EX-10.1 3 dex101.htm NON-QUALIFIED STOCK OPTION PLAN Non-Qualified Stock Option Plan

Exhibit 10.1

PEMCO AVIATION GROUP, INC.
NONQUALIFIED STOCK OPTION PLAN
As Amended and Restated by the Board of Directors
of Pemco Aviation Group, Inc. on May 14, 2003

Section 1.  Purpose. The purpose of the PEMCO AVIATION GROUP, INC. (the “Company”) Nonqualified Stock Option Plan (the “Plan”) is to provide incentives for selected persons to promote the financial success and progress of the Company by granting such persons awards (“Awards”) of incentives in the form of options to purchase shares of the Company’s Common Stock (“Options”), stock appreciation rights (“SARs”), and Common Stock of the Company (“Stock Grants”).
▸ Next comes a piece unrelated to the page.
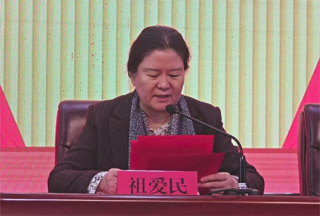 党委书记祖爱民在大会上讲话;她代表学校党委向大会的召开表示热烈的祝贺,并提出几点希望和要求:一是坚定理想信念有信仰,做“听党话跟党走”的人;二是秉承守正创新敢担当,做“厚植家国情怀”的人;三是敢于吃苦敢担大任,做“真抓实干埋头苦干”的人;希望大家以这次大会的召开为契机,对标对表习近平总书记要求,以更加饱满的工作态度,更加积极的学习热情,更加昂扬的拼搏精神,肩负起青年学生的使命与担当,积极投入投身到学校各项工作高质量发展的建设中,为实现中华民族伟大复兴的中国梦做出新的更大贡献。

An Award may consist of one or a combination of such incentives and may be made at any time or from time to time.

Section 2.  General Provisions.

A.  Administration. The Plan shall be administered by the Compensation Committee, which shall be comprised of two or more independent outside directors appointed by the Board of Directors (the “Committee”). Notwithstanding the foregoing, if it would be consistent with all applicable laws, including, without limitation, Rule 16b-3 promulgated under the Securities Exchange Act of 1934, as amended (“Rule 16b-3”), and the Internal Revenue Code of 1986, as amended (the “Code”), and the regulations promulgated thereunder (including, without limitation, the regulations relating to Section 162(m) of the Code), then the Plan may be administered by the Board of Directors, and if so administered all subsequent references to the Committee shall refer to the Board of Directors. Any action of the Committee shall be taken by majority vote or the unanimous written consent of the Committee members.
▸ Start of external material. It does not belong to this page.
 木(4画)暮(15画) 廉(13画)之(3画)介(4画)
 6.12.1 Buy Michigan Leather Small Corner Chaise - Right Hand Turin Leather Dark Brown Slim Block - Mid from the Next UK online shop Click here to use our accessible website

B.  Authority of the Committee. Subject to other provisions of the Plan, and with a view towards furtherance of its purpose, the Committee shall have sole authority and absolute discretion:

1.  to construe and interpret the Plan;

2.  to define the terms used herein;

3.  to prescribe, amend and rescind rules and regulations relating to the Plan;

4.  to determine the persons to whom Awards are granted;

5.  to determine the time or times at which Awards shall be granted;

6.  to determine the number of shares subject to each Award;


Page 34


7.  to determine all of the other terms and conditions of the Options, SARs, and Stock Grants awarded hereunder; and

8.   to make all other determinations necessary or advisable for the administration of the Plan and to do everything necessary or appropriate to administer the Plan.

All decisions, determinations and interpretations made by the Committee shall be binding and conclusive on all participants in the Plan and on their legal representatives, heirs and beneficiaries.

C.  Maximum Number of Shares Subject to the Plan. The maximum aggregate number of shares of Common Stock subject to the Plan shall be 2,000,000, subject to adjustment as provided in Section 2.G of the Plan. The Common Stock subject to the Plan may be divided among the various types of Awards as the Committee determines in its sole discretion from time to time. For purposes of calculating the maximum number of shares of Common Stock which may be issued under the Plan, (a) all shares underlying an Option (including the shares, if any, withheld for tax withholding requirements) shall be counted when cash is used as full payment for shares issued upon exercise of the Option; (b) in the case of net exercise of an Option, only the net shares issued (including the shares, if any, withheld for tax withholding requirements) shall be counted when shares of Common Stock are used as full or partial payment for shares issued upon exercise of an Option; (c) all shares underlying an SAR (including the shares, if any, withheld for tax withholding requirements) shall be counted upon exercise of an SAR; and (d) all shares issued pursuant to a Stock Grant (including the shares, if any, withheld for tax withholding requirements) shall be counted when the shares are no longer subject to any conditions, such as a vesting schedule, and certificates representing such shares have been issued and delivered. If any Options or SARs granted under the Plan expire or terminate for any reason before they have been exercised, the shares subject to such Options or SARs shall again be available under the Plan.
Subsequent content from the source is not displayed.